DG I agree with you. I have started to feel a bit better now. Although like you still get days when I miss him so much, and only remember the good times. On days like those, I totally forget all the bad things, and have to remind myself of the reality. I still have bad days for example I now often have to work weekends for financial reasons, he does too ,and I think of the good times we used to have on our weekends, and then I just go home and cry. But I am working with my emotions. 
I read somewhere that you can grieve, and cry and experience all those things which you actually do need to go through to come out the other side, but you can do that along side continuing with your life and living it.

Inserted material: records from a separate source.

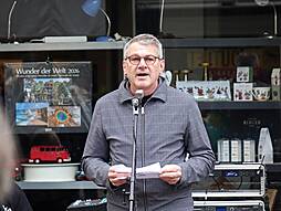Für einen würdevollen Rahmen sorgte an diesem Morgen das Violinen-Spiel von Lena Stalinski (Jahrgangsstufe 1) und der „Einstein“-Absolventin Lea Balzar, die die Gedenkveranstaltung mit drei Stück umrahmten. Nach der Begrüßung der anwesenden Gäste durch Pastoralreferent Martin Kramer und der Ansprache von Oberbürgermeister Wolfram Britz stellte die Zeitzeugen-AG in einer szenischen Lesung, begleitet von historischen Fotos und eingespielten O-Tönen, das Schicksal der Familie Gradwohl dar. Über ein Vierteljahrhundert betrieb der Kaufmann Sigmund Gradwohl ein angesehenes Herrenbekleidungsgeschäft, an das sich zahlreiche Zeitzeuginnen und Zeitzeugen noch Jahrzehnte später erinnern konnten. Sogleich nach dem Beginn der NS-Herrschaft wurde die Familie Gradwohl, die durch ihre elsässische Herkunft die französische Staatsbürgerschaft besaß, drangsaliert. Eine Hausdurchsuchung und der Entzug von Pässen sollten die Familie einschüchtern. Sigmund Gradwohl flüchtete nach Straßburg, seine Frau und sein Sohn sowie eine Cousine versuchten das Geschäft trotz aller Schwierigkeiten weiter zu betreiben. Auch der reichsweite Boykott jüdischer Geschäfte am 1. April 1933 traf die Gradwohls. SA-Posten zogen vor dem Eingang des Hauses auf und pöbelten alle Kunden an, die es wagten das Geschäft zu betreten.
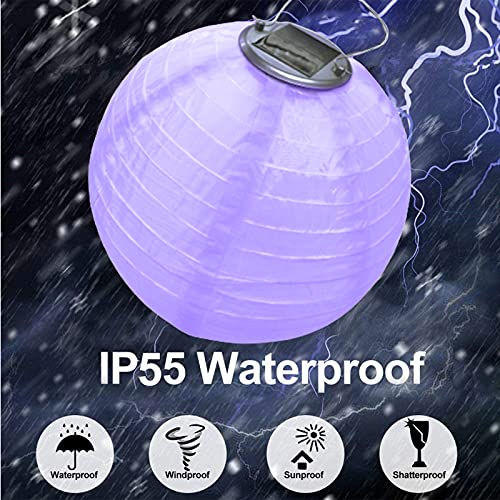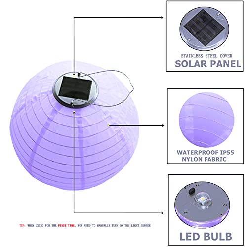 Lampioncini solari per esterni, resistenti alle intemperie, set di 2 lanterne a LED, a forma di sfera, lampade solari per giardino, terrazza, cortile, lanterne in nylon/seta, grandi 30 cm (viola)
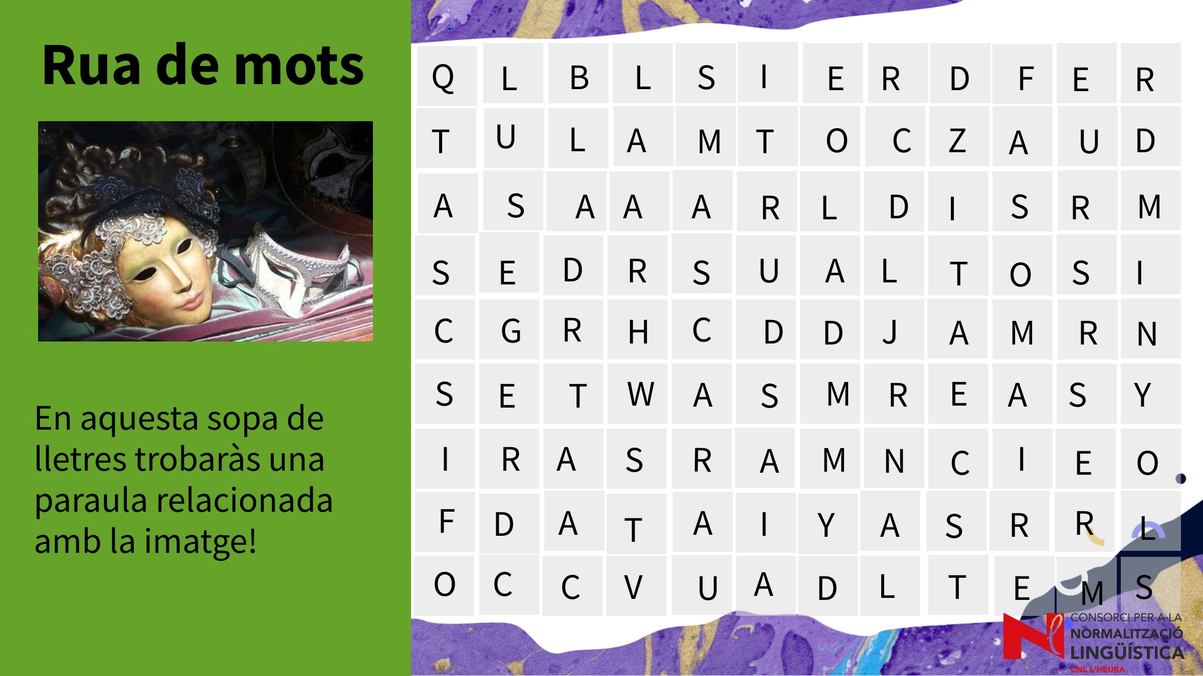 Rua de mots ens proposa descobrir paraules relacionades amb la imatge que acompanya la sopa de lletres. Febrer 2022
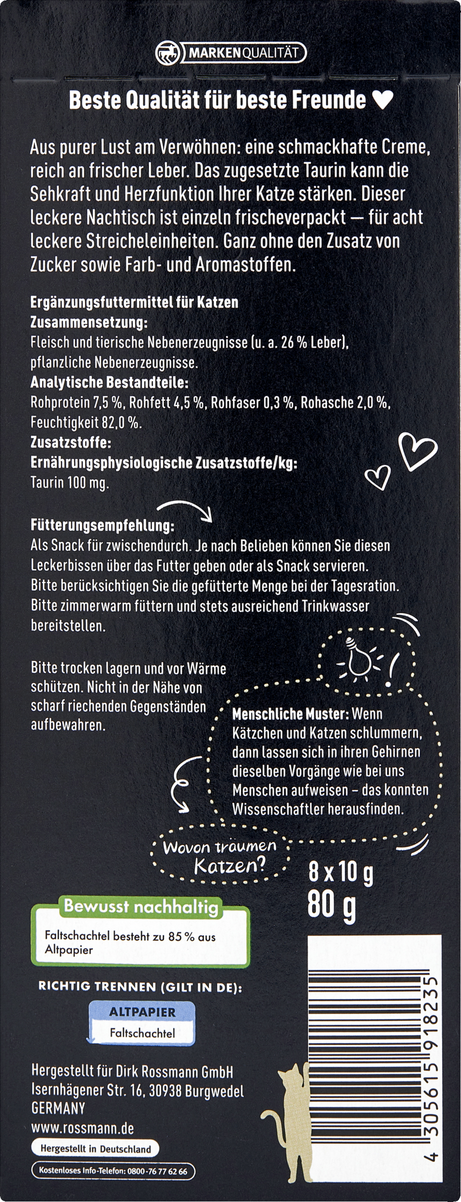 Aus purer Lust am Verwöhnen: eine schmackhafte Creme, reich an frischer Leber. Das zugesetzte Taurin kann die Sehkraft und Herzfunktion Ihres Lieblings stärken. Dieser leckere Nachtisch ist einzeln frischeverpackt - für acht leckere Streicheleinheiten. Ganz ohne den Zusatz von Zucker sowie Farb- und Aromastoffen.
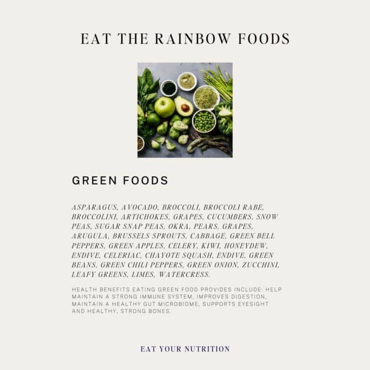 Check out the Eat the Rainbow chart at the end of this article to learn more health benefits that green foods provide for the body.
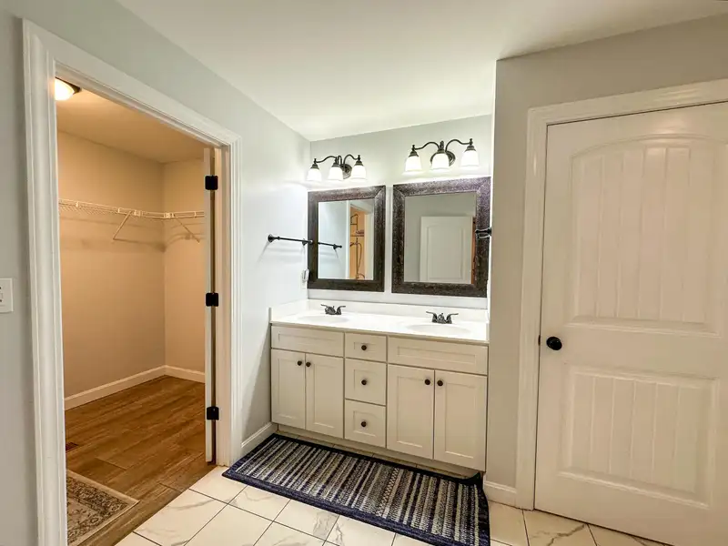 - Tile floors in bathrooms
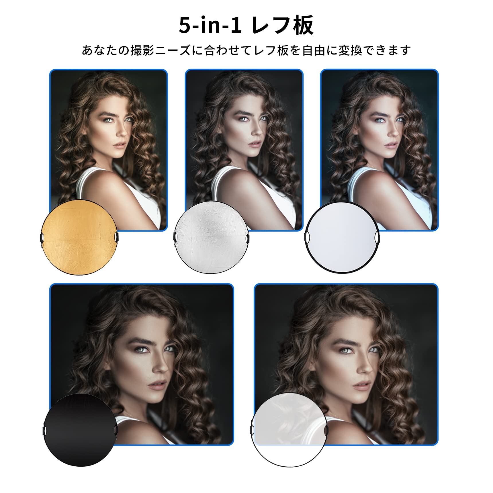 Selens 5-IN-1 撮影用 丸レフ板 60cm ハンドル付き スタジオレフ板 折りたたみ可能 (1枚で5色対応-金/銀/白/黒/半透明)
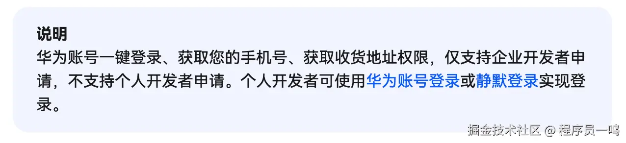 可能有的同学会有疑问,为什么是华为账号登录,而不是华为账号一键登录,这里需要解释的是,目前华为账号一键登录不支持个人开发者,所以,没办法,只能用官方推荐的华为账号或者静默登录。
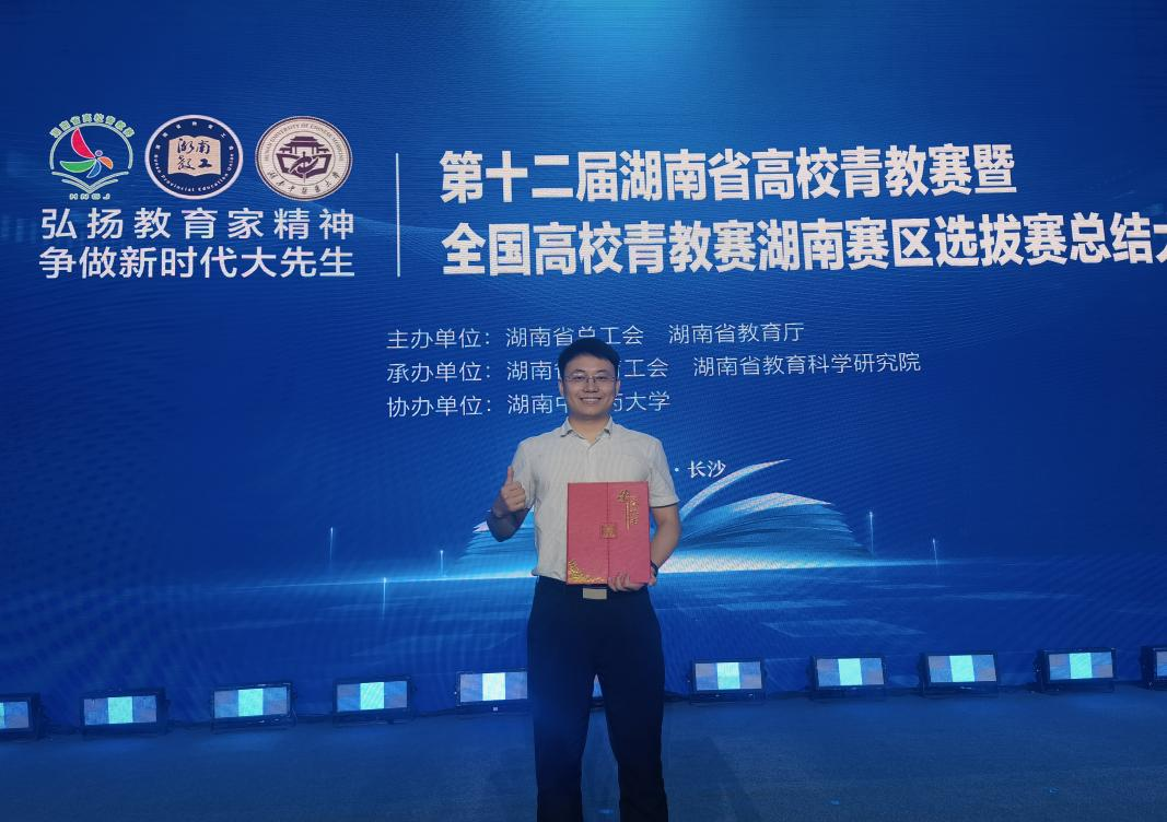 6月24日,第十二届湖南省高校青年教师教学竞赛暨全国高校青年教师教学竞赛湖南赛区选拔赛在湖南中医药大学落幕,我院青年教师赵勇荣获理科组一等奖,并摘取由湖南省教育厅和湖南省教育工会共同授予的“湖南省教学能手”荣誉称号。
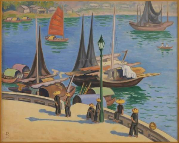 陈抱一 香港码头 布面油彩 油画 1942年 72m×90.5cm 1964年家属陈绿妮捐赠
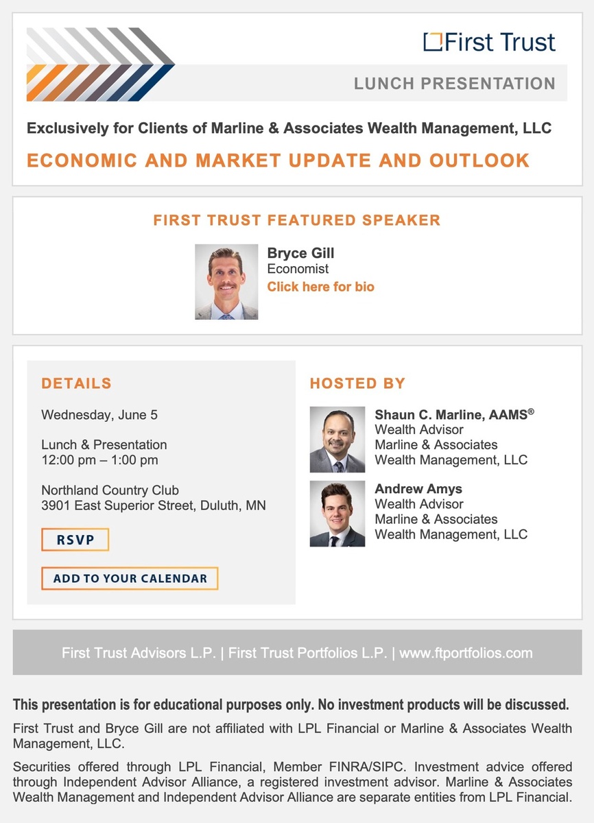 Now is a great time to review the year's market behavior and talk about what may lay ahead. This presentation event examines the financial factors at play, including economic developments, world events, and other market influences. It also looks at what might be around the corner for 2024 in addition to answering any questions you may have.Exclusively for Clients of Marline & Associates Wealth Management, LLC.
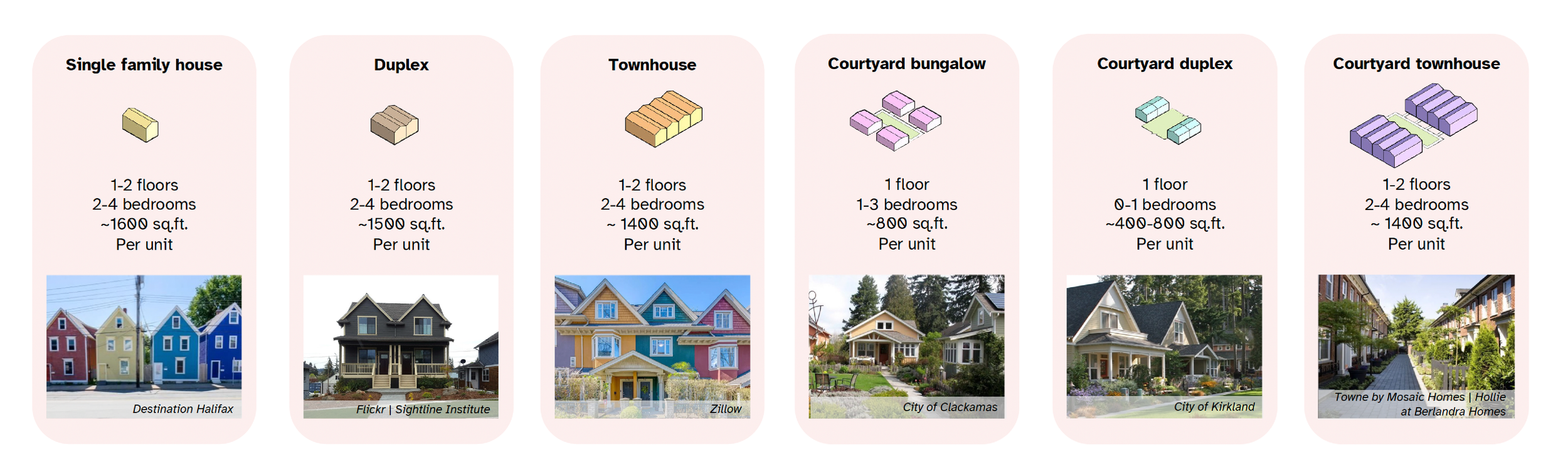 The six defined housing typologies for Pine Tree Park. The proposed housing types respond to local context, market demand, and opportunities to provide diverse housing that supports wellbeing. (Happy Cities)
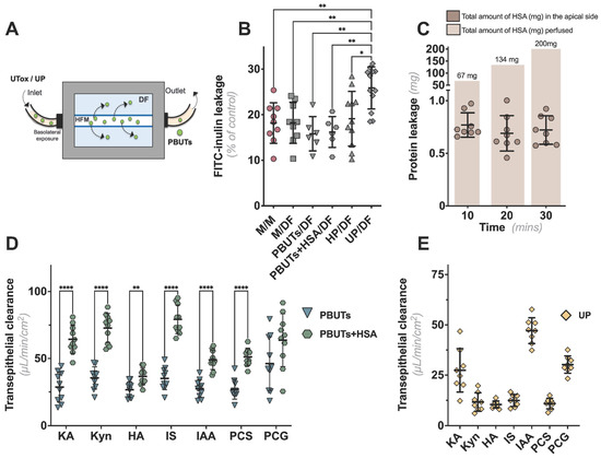 Evaluation of the monolayer integrity in HFM upon exposure to DF and UP. (A) Schematic representation of the BAK prototype. (B) Upon cell maturation, cells were perfused with either medium, PBUTs, PBUTs with HSA (PBUTs + HSA), HP, or UP for 30 min, followed by a 10 min perfusion with FITC-Inulin to evaluate monolayer integrity. (C) Quantification of total HSA leakage at the apical side. In brown blocks is the total amount of HSA (mg) perfused (6 mL/h) through the fibers at the corresponding time points. (D) Transepithelial clearance of PBUTs during the perfusion of the fibers with either PBUTs alone, with HSA 1 mM, or (E) UP. Data are shown as mean ± SD of four replicates from three independent experiments. * p < 0.01, ** p < 0.01, and **** p < 0.0001 using (A) a one-way ANOVA analysis followed by Tukey’s multiple comparison tests or (D) multiple Mann–Whitney tests. Abbreviations: M, medium; DF, dialysis fluid; HP, healthy plasma; UP, uremic plasma; KA, kynurenic acid; Kyn, kynurenine; HA, hippuric acid; IS, indoxyl sulfate; IAA, indole-3 acetic acid; PCS, p-cresyl sulfate; PCG, p-cresyl glucuronide.

So even though it is not the life I would have chosen currently, I continue with it.
I take most opportunities to go out, even if I don’t want to particularly at times. Nobody will fix this and we have to do it ourselves. I have limited funding for counselling, but agree it can be very useful.
I have only just got back concentration for reading. I have found this book to be helpful.
The Journey from abandonment to healing-Susan Anderson
It discusses surviving and recovering from the five stages that accompany the loss of love.


----------



## DelinquentGurl (Mar 25, 2011)

6foot5 said:


> If I may ask , what sort of counseling are you going to ? I think I could use some sort of counseling just don't know where to start .


I see a woman on a weekly basis and we talk about a variety of different things.
I don't sit on the couch and rehash the past, because that is pointless. Instead, I focus on the present and how I can be the best person I can be.
_Posted via Mobile Device_


----------



## caughtdreaming (May 30, 2011)

Thank you DG for the encouragement. 

I think I should start seeing a counselor. I want to move on.


----------



## DelinquentGurl (Mar 25, 2011)

I would think staying in the same house would make it very hard to move forward.
_Posted via Mobile Device_


----------



## Oak (Mar 21, 2011)

Well said DG


----------



## Shooboomafoo (Mar 30, 2011)

Someone please get me a house to move into!!!!!

I have had my fill of apartments prior to purchasing this house with my new wife, ahhhh the start of a lifetime of family traditions and love and warmth.... (oops! affair, halt, stop, get out,)


----------



## CLucas976 (Jun 27, 2010)

Exactly 

If nothing else this is a time to show yourself what you're really made of. A year ago I would have never seen myself where I am. I truly saw me figuring out how to make it work or get him going again push forward..

But this time that I've had here with my family and myself has shown and taught me so much I didn't know about who I am. I've said it before and I will say it again too, I am so thankful that I don't look into another relationship before checking out of the first one. The time you need to recover and move on is so essential.

Everyone has their moments. Stupid things trigger mine..like watching a movie, certain songs, always seemingly stupid too will send me reeling. But we all wake up the next day, and we all carry one and there IS better out there for all of us, or at least happiness.

Kudos to us!


----------



## LonelyNLost (Dec 11, 2010)

Great post, DG! Very true. It's so hard to see through all the tears and the sadness, but on the other side, your happiness awaits. You hold the key to how you feel, only you can decide whether you will lie on the ground and cry or stand proud and smile. 

Definitely learn to live for yourself. I was told over and over again I'd feel better as soon as I let go, and I didn't believe it. I held on kicking and screaming. But everyone was right.


----------